For reference, here's the complete inference stack running on a single RTX 5090:

┌─────────────────────────────────────────────────────┐
│                    RTX 5090 (32 GB)                  │
│                                                      │
│  ┌──────────────────┐  ┌──────────────────────────┐  │
│  │  Orchestrator     │  │  DeepSeek Reasoning      │  │
│  │  Nemotron-8B-AWQ  │  │  DeepSeek-R1-14B-AWQ     │  │
│  │                   │  │                           │  │
│  │  TQ4 KV cache     │  │  TQ4 KV cache (1 GiB)    │  │
│  │  CUDA graphs [1,2,4]│ │  Enforce-eager            │  │
│  │  40K context      │  │  8K context               │  │
│  │  LoRA adapters    │  │  Burst reasoning          │  │
│  │  Tool calling     │  │                           │  │
│  │  Port 8199        │  │  Port 8176                │  │
│  │  ~20.7 GiB        │  │  ~5.6 GiB                │  │
│  └──────────────────┘  └──────────────────────────┘  │
│                                                      │
│  ┌─────────────┐  ┌──────────────────────────────┐   │
│  │ Embeddings  │  │  Free VRAM (~5.8 GiB)        │   │
│  │ Port 8209   │  │  → FLUX image gen (on demand) │   │
│  │ ~0.4 GiB    │  │  → Gaming VRAM yield          │   │
│  └─────────────┘  └──────────────────────────────┘   │
│                                                      │
│  MicroScheduler: VRAM zones, lazy-wake, cloud fallback│
│  VRAMYield: Docker stop/start via proxy               │
│  Cloud fallback: Vast.ai Serverless → DeepSeek API    │
└─────────────────────────────────────────────────────┘

---

Reproducing This Setup

The key configurations:

# Instance A (Primary — starts first, owns CUDA graphs)
vllm serve cyankiwi/Nemotron-Orchestrator-8B-AWQ-4bit \
  --kv-cache-dtype tq-t4nc \
  --gpu-memory-utilization 0.35 \
  --max-model-len 40960 \
  --max-num-seqs 4 \
  --compilation-config '{"cudagraph_mode":"piecewise","max_cudagraph_capture_size":4}' \
  --enable-prefix-caching \
  --port 8199

# Instance B (Secondary — starts second, bypasses memory budget)
vllm serve casperhansen/deepseek-r1-distill-qwen-14b-awq \
  --kv-cache-dtype tq-t4nc \
  --gpu-memory-utilization 0.50 \
  --kv-cache-memory-bytes 1073741824 \
  --max-model-len 8192 \
  --max-num-seqs 4 \
  --enforce-eager \
  --enable-prefix-caching \
  --port 8176

The critical insight: gpu_memory_utilization on the second instance only needs to pass the startup free-memory check (free >= total × util). Set it as low as possible.

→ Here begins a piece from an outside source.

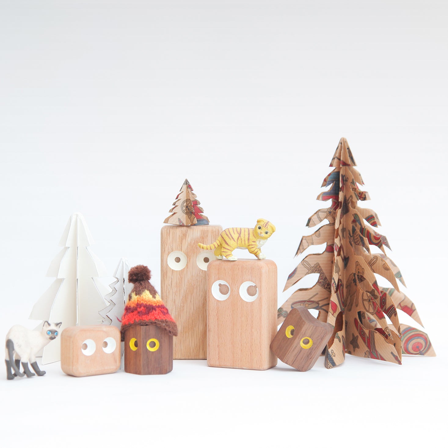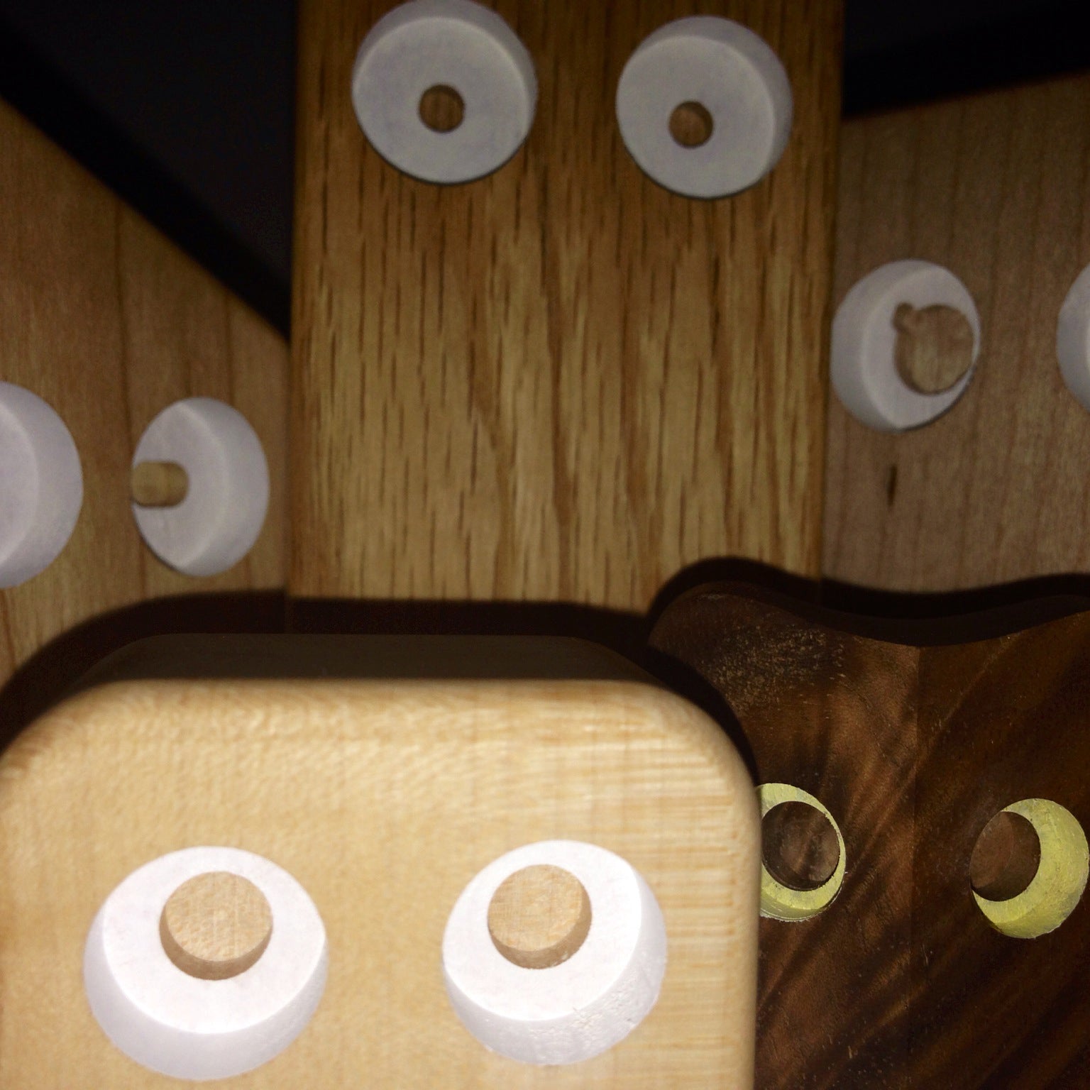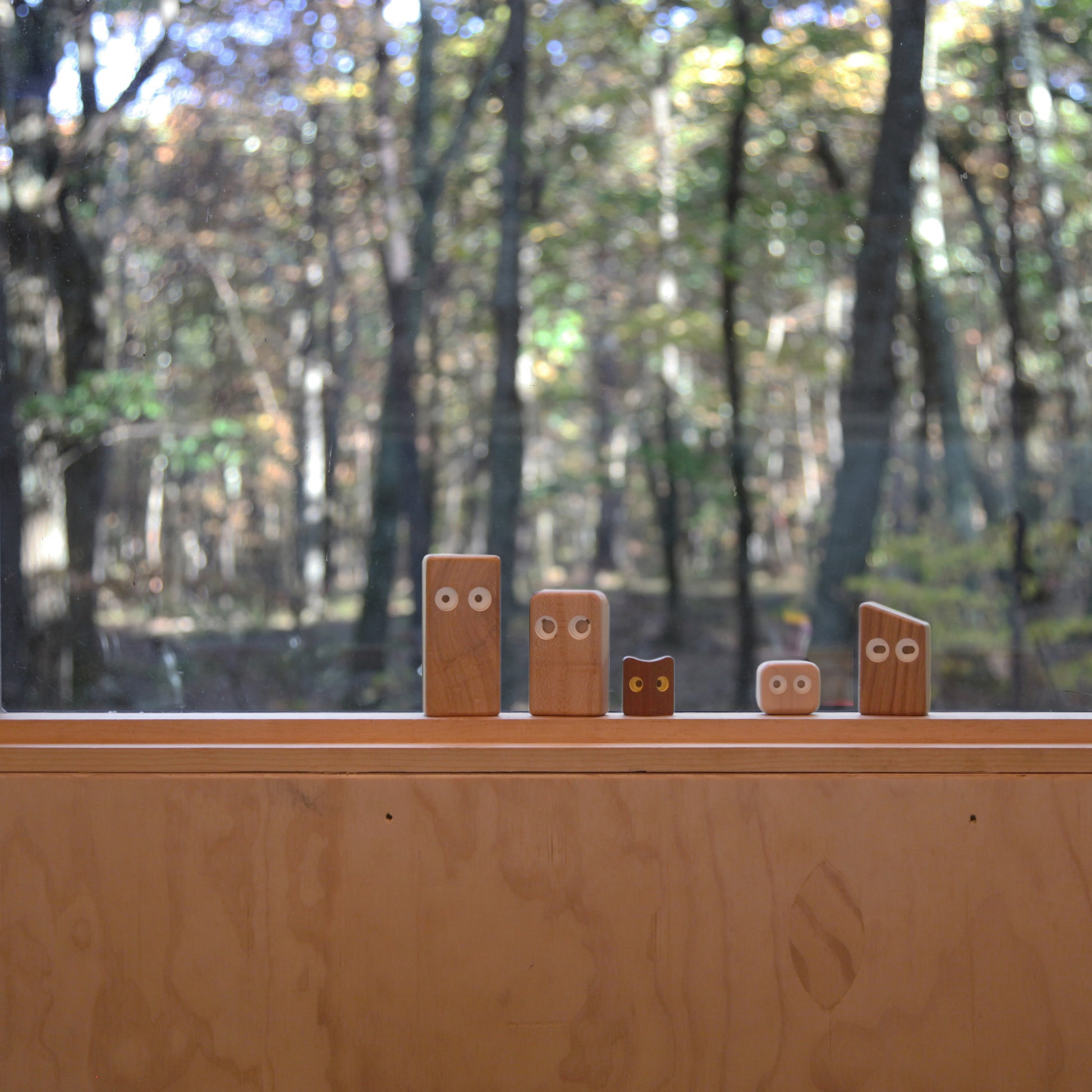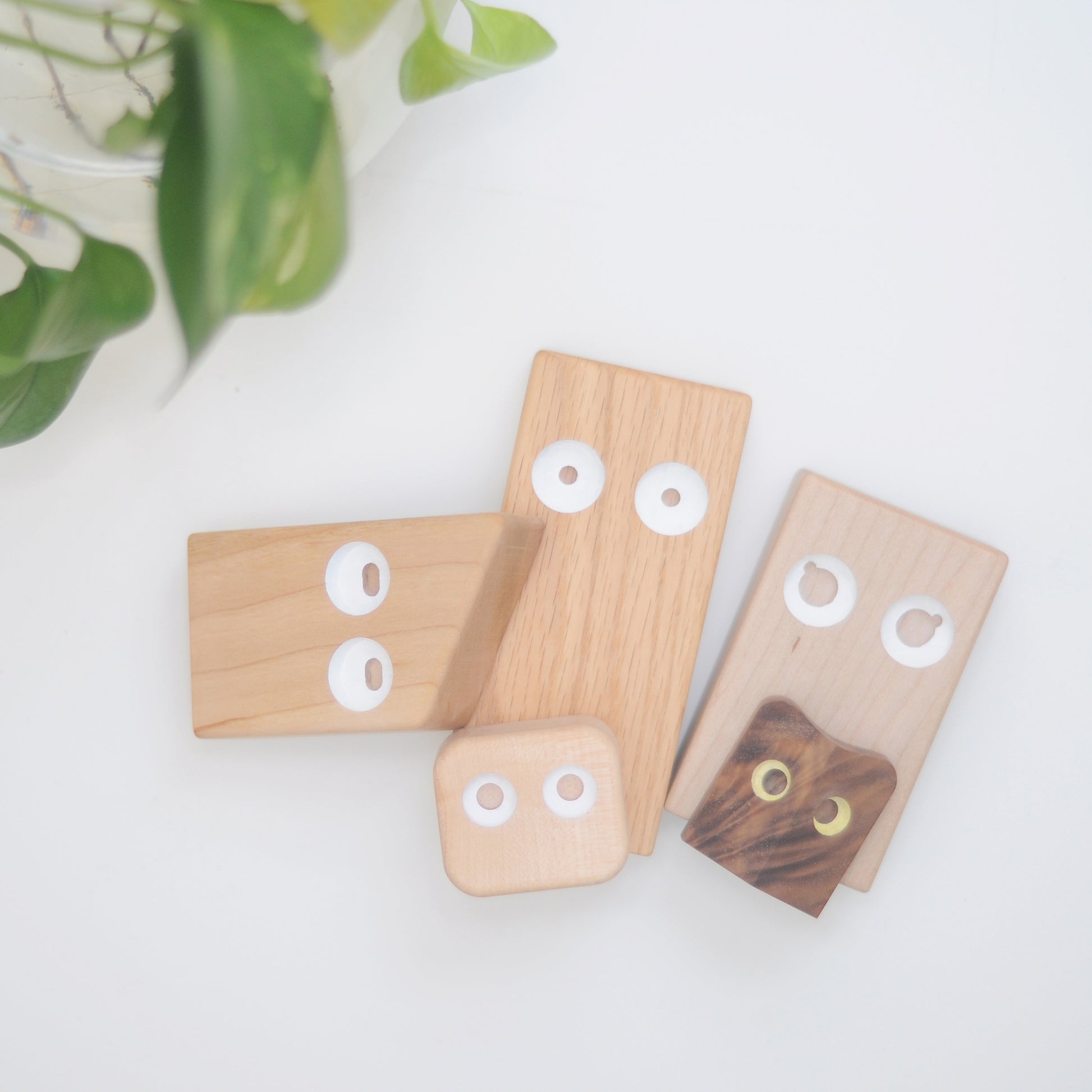 這一套木質手工玩具,五個小玩偶采用了最簡潔的設計,透過不同的木質紋理顏色,以及木眼睛的特征賦予各自不同的性格,特點。靈感來源於設計師在一次制作木家具榫接的過程中偶然發現了一個簡單的景深透視的小原理,所鉆的孔洞從不同角度觀看像是會轉動的眼睛,從而借此來設計並制作了這套各個角色都擁有一雙會時時“跟隨”你的大眼睛的木眼玩具。

The actual KV cache allocation is controlled entirely by --kv-cache-memory-bytes.

---

What's Next

• TriAttention: Our spectral KV cache compression engine achieves ~10× compression (26 bytes/token vs 256 FP16) by decomposing RoPE attention into trigonometric series and storing only the dominant frequency components. Currently in calibration testing.
• Dynamic KV budget: Instead of fixed --kv-cache-memory-bytes, dynamically resize based on current free VRAM reported by the Docker proxy.
• Unified CUDA graph pools: Sharing CUDA graph memory across instances for batch sizes that don't overlap in time.

---

The TurboQuant vLLM fork, graph-aware eviction plugin, and VRAM zone management are part of AitherOS. The --kv-cache-memory-bytes flag is stock vLLM 0.19+ — the most important three words in the multi-instance story, buried in a help page nobody reads.